If you're also dealing with slow query performance rather than pure connection exhaustion, the same pg_stat_statements data points you toward index gaps and sequential scans that are worth fixing in their own right. Connection stability and query performance are two sides of the same coin under load.

Frequently Asked Questions

How do I find out what my DigitalOcean Managed Postgres max_connections limit is?

Connect to your database on port 5432 using the admin credentials and run: SELECT setting FROM pg_settings WHERE name = 'max_connections'; The limit is set by DigitalOcean based on your plan's memory and cannot be changed directly, but you can work around it by using PgBouncer in transaction mode to multiplex connections.
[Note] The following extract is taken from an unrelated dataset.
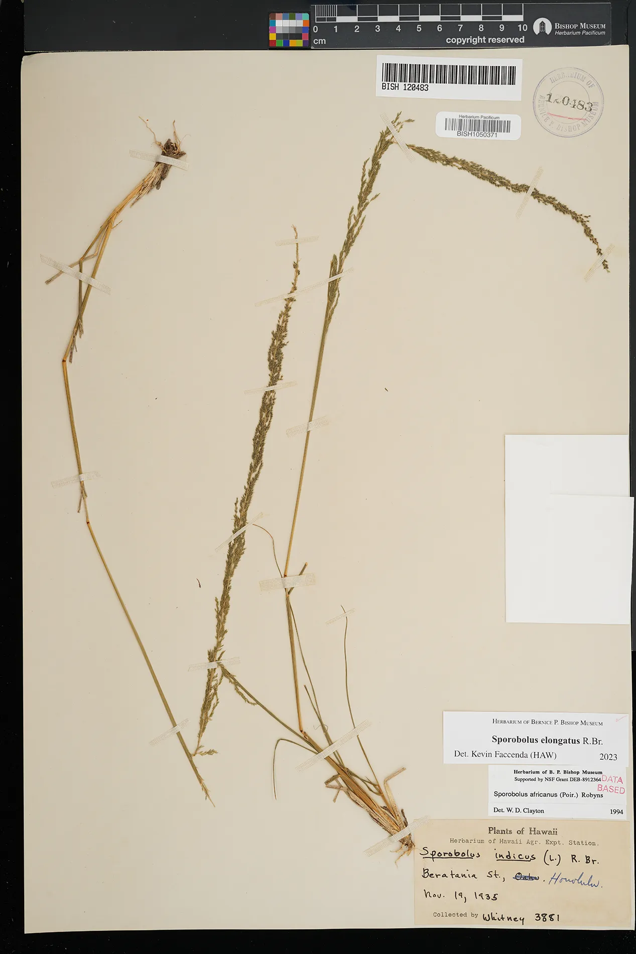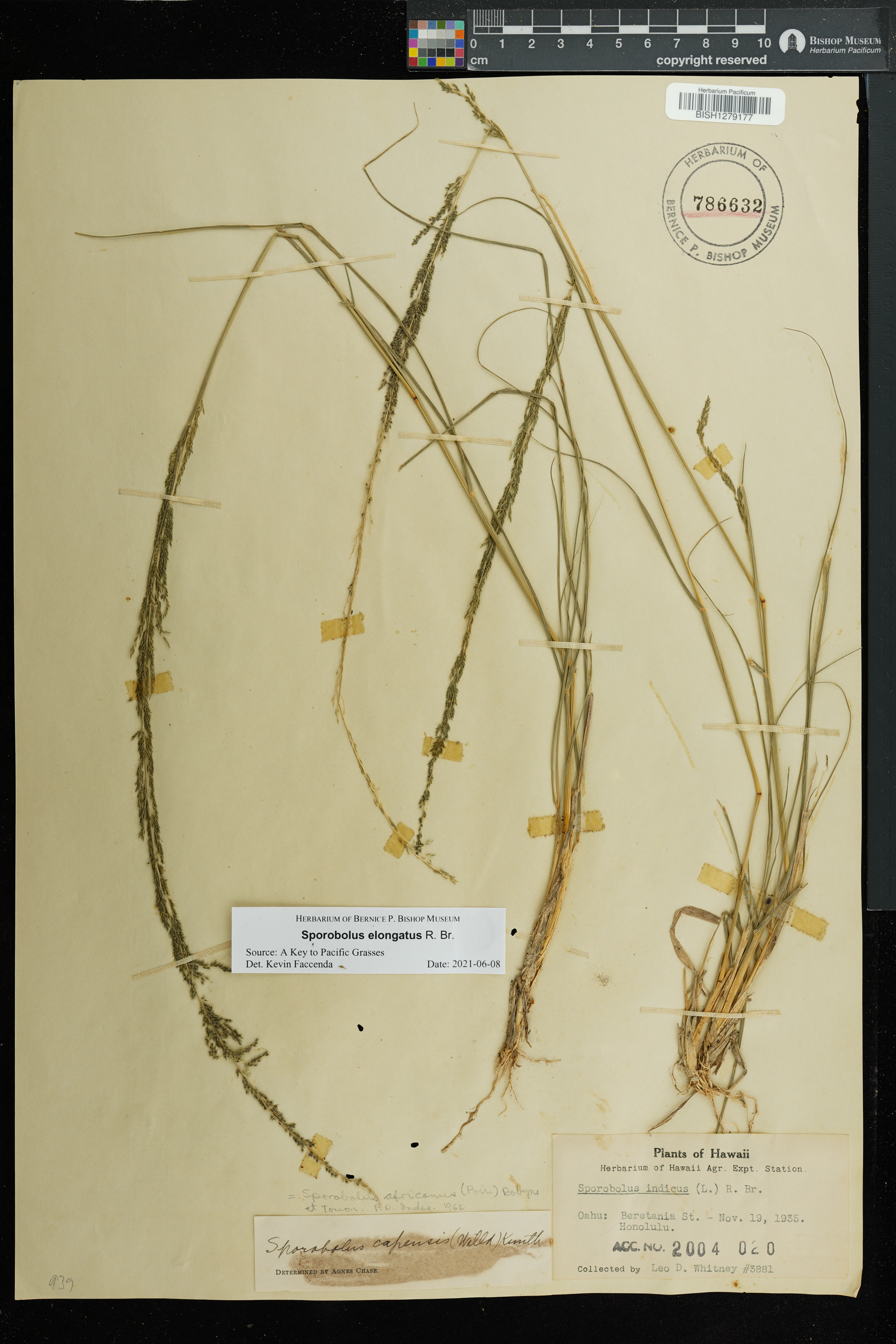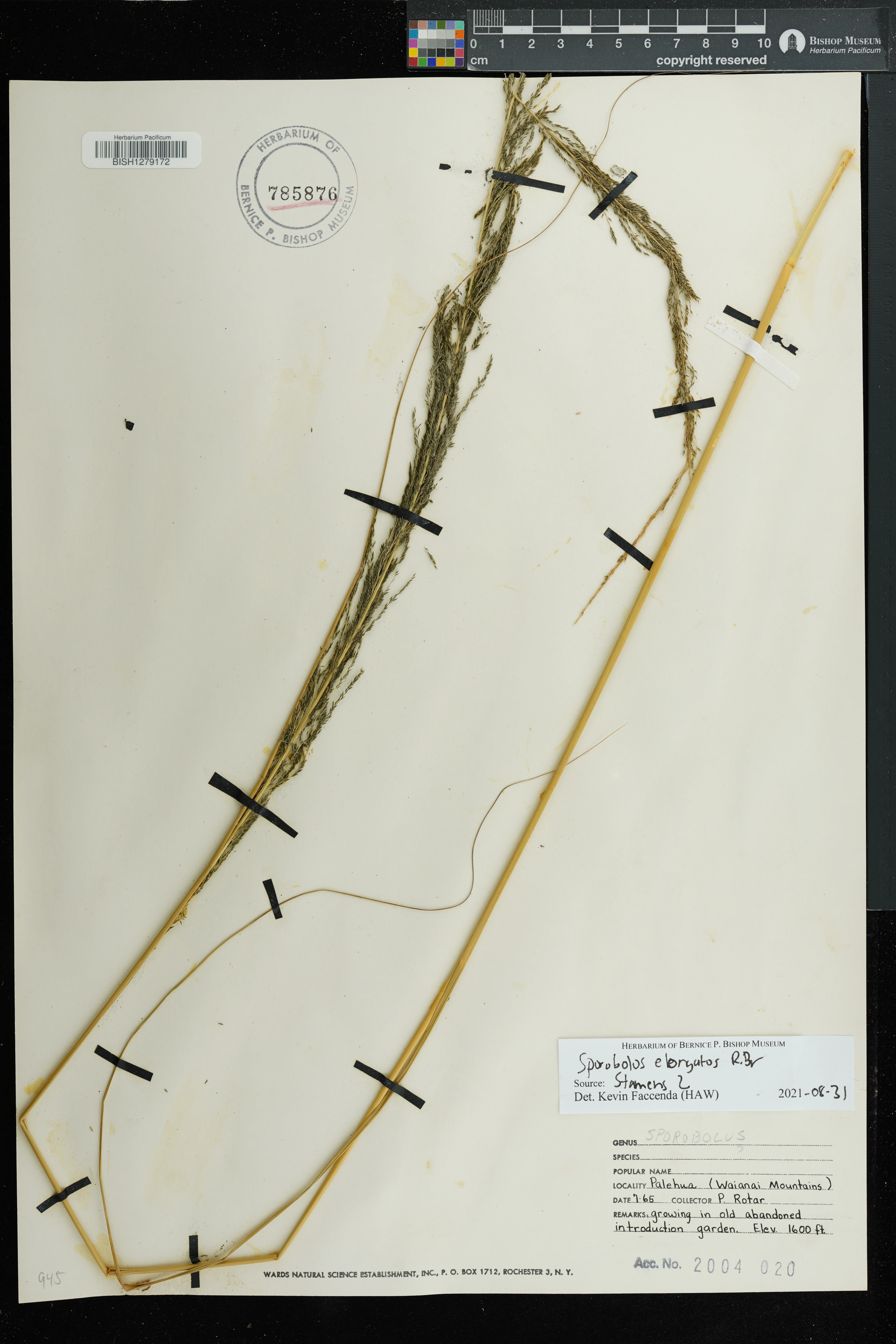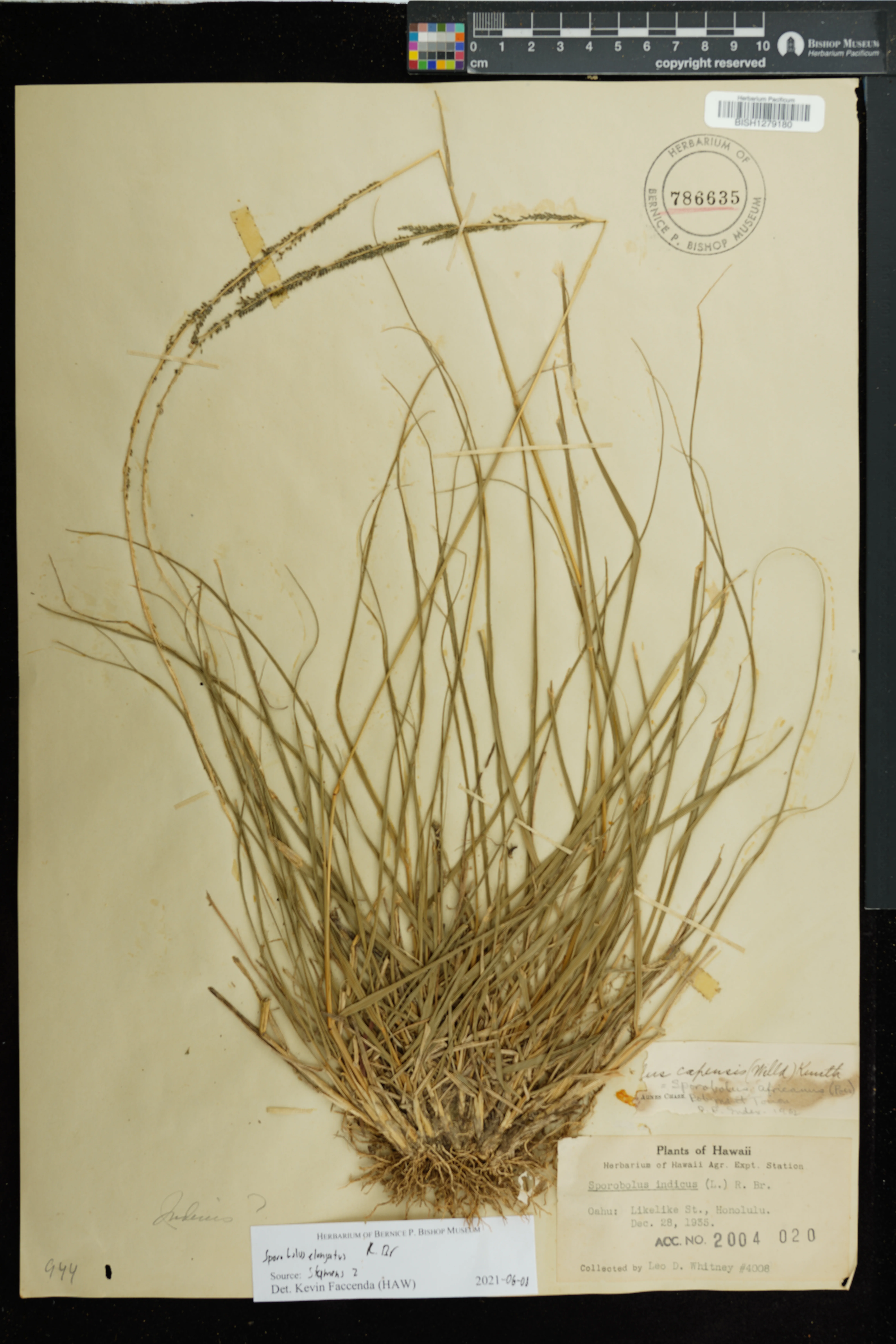 | 11 | Sporobolus elongatus | R.Br. | Schofield Barracks. | PRESERVED_SPECIMEN | A.S. Hitchcock | Hitchcock 13940 | Missouri Botanical Garden | 7/5/1916 |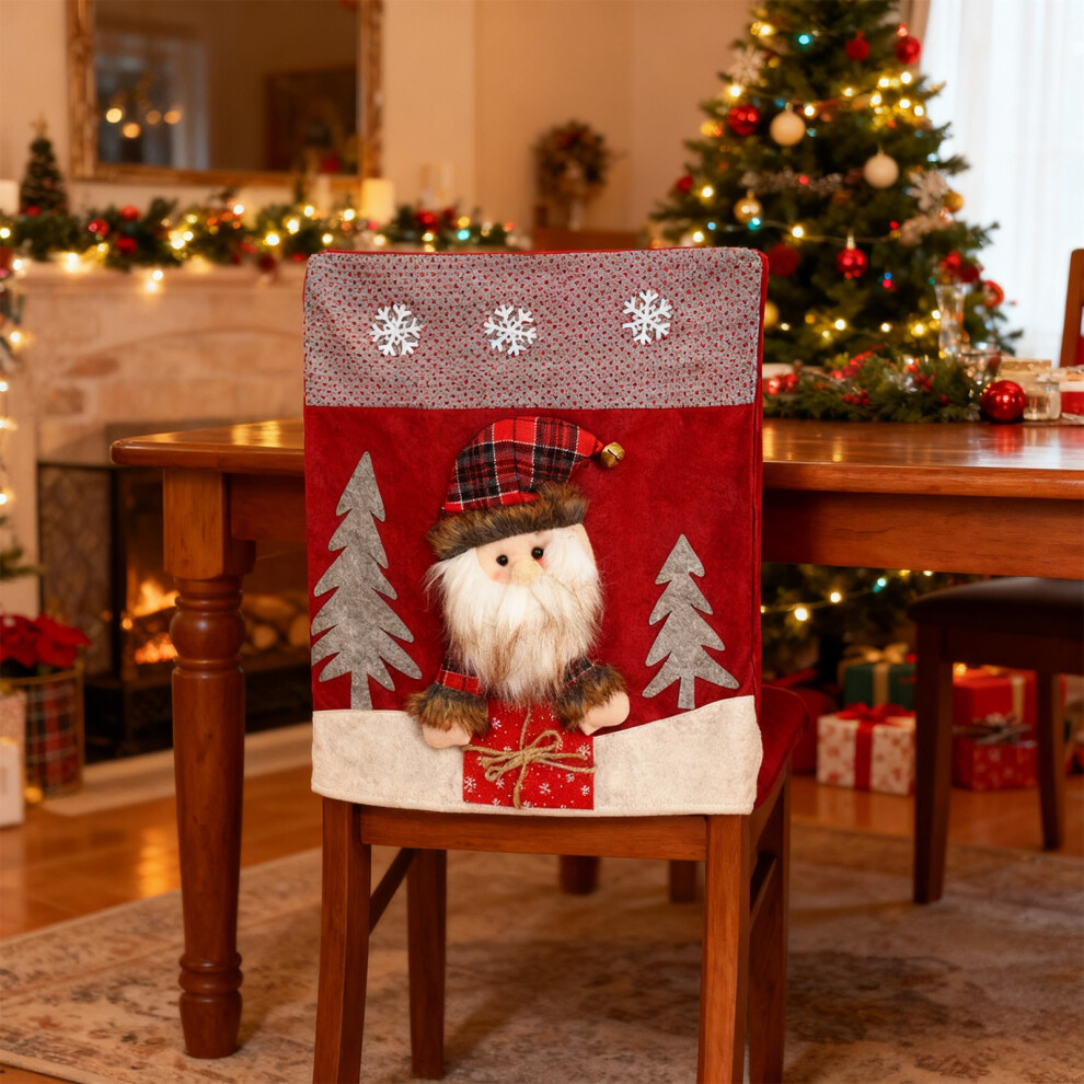 (A) Christmas Decorations Christmas Cartoons Stereoscopic Old Man Chair Cover Snowman Elks Chair Cover

What is the difference between PgBouncer session mode and transaction mode for connection pooling?

In session mode, a client holds a dedicated server connection for its entire connected lifetime, even when idle. In transaction mode, PgBouncer borrows a server connection only for the duration of each transaction and returns it immediately after — allowing far more concurrent clients to share a smaller number of real Postgres connections.

Why do I keep seeing 'idle in transaction' connections piling up on my Postgres cluster?

Idle-in-transaction connections appear when application code opens a database transaction but fails to commit or rollback before going idle — typically because an exception was thrown and not properly handled. Ensure every transaction is wrapped in a try/finally or context manager block that guarantees rollback on error.

Will switching PgBouncer to transaction mode break my existing application?

Transaction mode breaks applications that rely on session-level Postgres features such as advisory locks, temporary tables that persist across transactions, or SET LOCAL configuration changes. Audit your codebase for these patterns before switching; if you use them, you can keep those specific connections in session mode while moving the rest to transaction mode.

How many connections should I set the PgBouncer pool size to on DigitalOcean?

Start by finding your Postgres max_connections value, subtract 3–5 for admin and monitoring use, and use the remainder as your pool ceiling across all pools. In transaction mode, that pool can serve far more simultaneous application connections than the raw number suggests, so resist the urge to set it equal to your total thread or process count.